For how long however, remains to be seen.
According to annualised research produced by the Real Estate Institute of Victoria, median home values in Melbourne increased 13.5 per cent in the last 12 months to $430,000, and is now at its highest value on record.
Despite this sharp rise – an average home in Melbourne is still cheaper than in Sydney, Perth and Canberra, where median prices are closer to $500,000.
The REIV statistics quoted throughout this analysis compare Melbourne’s median house price for the year ended January 31 2008, and differ from those quoted throughout the Domain Property Review, which quote the REIV’s annual median figures, released to the market earlier this year.
The annual figure used includes the many suburbs which might not make the REIV’s quarterly rankings, because less than 30 sales were recorded. As it includes many more sales than the quarterly figures, it is considered statistically more reliable.
Melbourne’s leafy suburbs returned to form in the six months since our Spring review, with nine of the top ten best performing suburbs in the eastern and south-eastern “blue ribbon heartland”.
This compares to our last analysis, where only four suburbs in this region appeared in the top ten (another four were bayside, and two were from the inner-north).
The top ten best performing suburbs to February 2008, according to the REIV, include Kew and Malvern, which reported annual median house value growth of 45.5 per cent, to $1.31 million and $1.411 million respectively.

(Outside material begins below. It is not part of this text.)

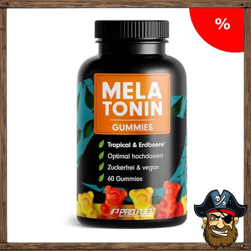 Melatonin Gummies 60x mit 0,5 mg bioaktivem Melatonin – leckerer Früchte-Mix-Geschmack – Optimal hochdosiert – Pir$ate-Deals Gummibärchen – Zuckerfrei, laborgeprüft & 100% vegan – Made in Germany

They was followed by Mont Albert which recorded a 44.5 per cent increase in median house value for the year to $1.02 million and Malvern East which reported a 44.4 per cent increase to $1 million.
Other suburbs to round out the top ten best performing suburbs include Surrey Hills and Mont Albert North (the fancy name for the leafy pocket of Box Hill North) which both reported median value increases of 43.9 per cent to $1.04 million, and $770,000 respectively.
Ashwood was the eighth best performing suburb for the year – and also the cheapest of the list of best improvers – with median house values increasing 42.7 per cent to $624,500 for the year.
It was followed by adjoining Ashburton (42.4 per cent increase to $826,000) and Blackburn (40.2 per cent increase to $645,000).
But it was the inner city suburb of Carlton – the only suburb north of the Yarra River in this list – that took the mantle as the best performing suburb for the year, recording a 64.5 per cent increase in median house value over the twelve months to January 2008.
An average home in Carlton now costs $867,500 – up from $527,500 at the same time last year.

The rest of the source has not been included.